Yesterday my husband wrote his spammers a supremely eloquent email asking to be taken off their email lists. He'd had it, he told me, with being pelted by winger-lies from people whose minds would never be changed by the truth. At the time, I confess, my mind was on cleaning out the refrigerator, so I just made a mooing noise of agreement. But today, in the cold thin light of late-morning, I feel both a swell of love and pride for him, and an uncomfortable sense of shame myself.

Sometimes I refer to our generation, my husband's and mine, as "the last good kids".
By that, I mean we were the generation who beavered away at school and extra-curricular activities, applied to Ivy League schools, wanted to be doctors, lawyers, and Indian chiefs, picked our dating partners with the knowledge they might be our spouses, and in short, were the very models of good post-Eisenhower-post-nuclear war teens.

Later we would enjoy many brands of muddled thought, brought on by drugs and oddball spiritual quests. We would live together in muddy communes and get vitamin deficiencies. We would shack up with crazy people and marry them outdoors, wilting wild-flowers decorating our long shaggy hair. But underneath the alarming clothes, pharmaceuticals, and cursing remained the kids who turned in their homework on time and who were imprinted by their mothers' counsel to Be nice.

This blog is about words and language, but it's also, I see, about good manners, which are deeply ingrained in me. Often, I become confused, thinking that civil behavior and Be nice are the same. They are not. Manners are as intensely concerned with how to say No! as they are with Why don't you? and How nice. Polite behavior doesn't mean putting up with hate-filled verbiage from fools, and my husband's actions yesterday are a stark reminder of that. In fact, the origin of what we know as civilization rests on manners, specifically The Courts of Love, founded by Eleanor of Aquitaine. She became understandably sick of testosterone-fueled knights wandering around the countryside raping and pillaging anyone in their paths. The Courts of Love established civilized conduct for warriors, using (what else?) sex.
But that part is another story entirely. Still, I cannot leave Eleanor, though, without dropping this odd factoid, courtesy of Wikipedia: John McCain is her direct descendant.
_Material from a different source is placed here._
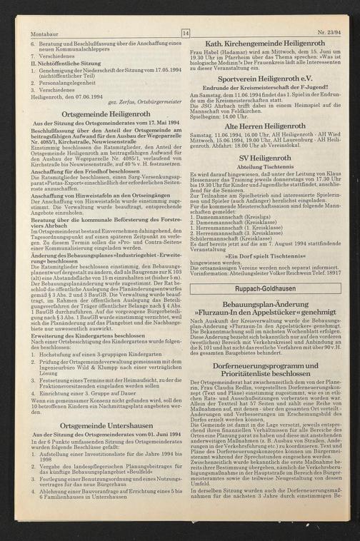 Aus der Sitzung des Ortsgemeinderates vom 17. Mai 1994

I am too prone to hippie tolerance, courtesy of Fritz Perls: You go your way, and I go my way. If we meet, it's beautiful, if not, it can't be helped. But the real world and common courtesy both tell me it's not always beautiful, and something should be said about that. Loudly. For the past eight years, I have tolerated vile abuse directed at all the values I hold dear, by people who wish me (and most of the planet) no good. With Be nice firmly canceling out all thought-processes, I've ignored much of it. But I don't think that's such a great idea. Not now.

It's bullshit, and it's bad for ya. Bad for me too.

Friday, September 12, 2008

When spunky l'il gals go bad...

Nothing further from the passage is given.